Yesterday ended up being ridiculous. Some where in the neighborhood of 1500 cals. I just finally gave up and started eating chocolate. I had a lot of protein which was so good for me-- I feel better-- but I ate a lot of shit too.
I went to freaking chili's and had chips, salad and soup. Ate some chips and soup, prolly a good 300 cals? Didnt eat all the salad.

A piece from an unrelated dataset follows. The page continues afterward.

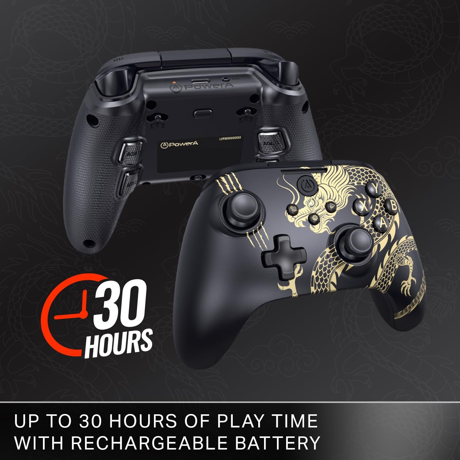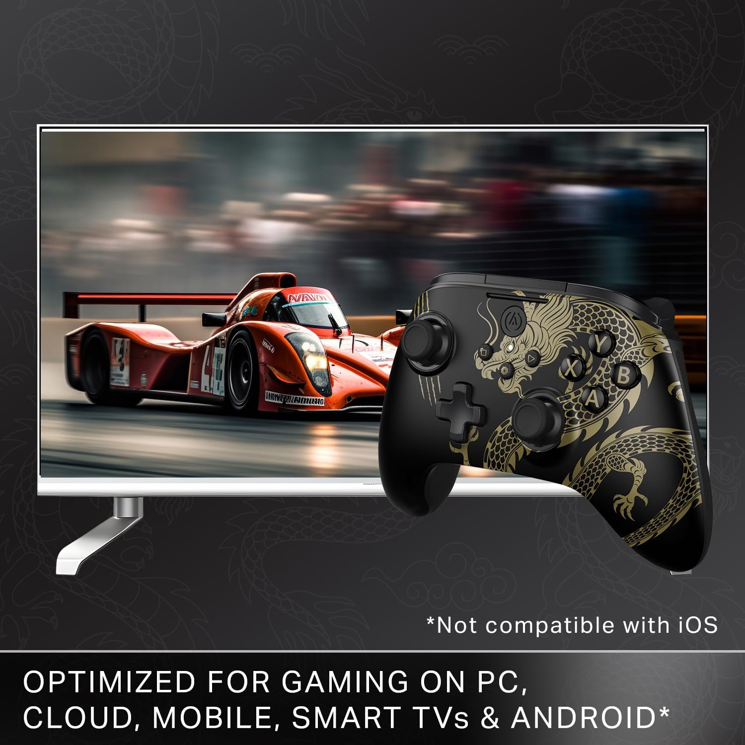 Dominate your opponent with the PowerA Battle Dragon Wireless controller for PC and Cloud gaming. You can choose between low-latency wireless connectivity on PC with a 2.4GHz USB adaptor, wired with the included USB-C cable or enjoy the flexibility of Bluetooth to game on Android, Tablet or Smart TVs. The Battle Dragon Wireless controller is equipped with magnetic Hall effect triggers for a smoother pull and reliable precision than contact-based triggers. Gain an edge with high-performance features like 3-way trigger locks, 4 mappable Advanced Gaming Buttons, and a programmable Turbo Button. This feature packed controller also includes a rechargeable battery and app support to fine-tune your controller settings.

If I can be hardcore the rest of the day, maybe I can get my life back. I am not going to weigh because its pointless. Someone said that fast-restrict-fast-restrict is the best diet... I dunno. My body just keeps shutting down on me. Welp, if I can lose a couple pounds every few days, I guess I will have to be okay with that. I probably need to eat normally one day a week to keep my metabolism up... I dunno. I don't care how I do it, I just want to lose. I'm a fat ass.
Its not that I'm not strong enough to do this. I just have to be strong enough to do this and everything else, too. Seriously, nothing else matters but being thinner. Well, being thinner and still succeeding at other things... Its so hard. I had a crappy eating day today. But tomorrow WILL be better. 500 cals. That's my limit. Period.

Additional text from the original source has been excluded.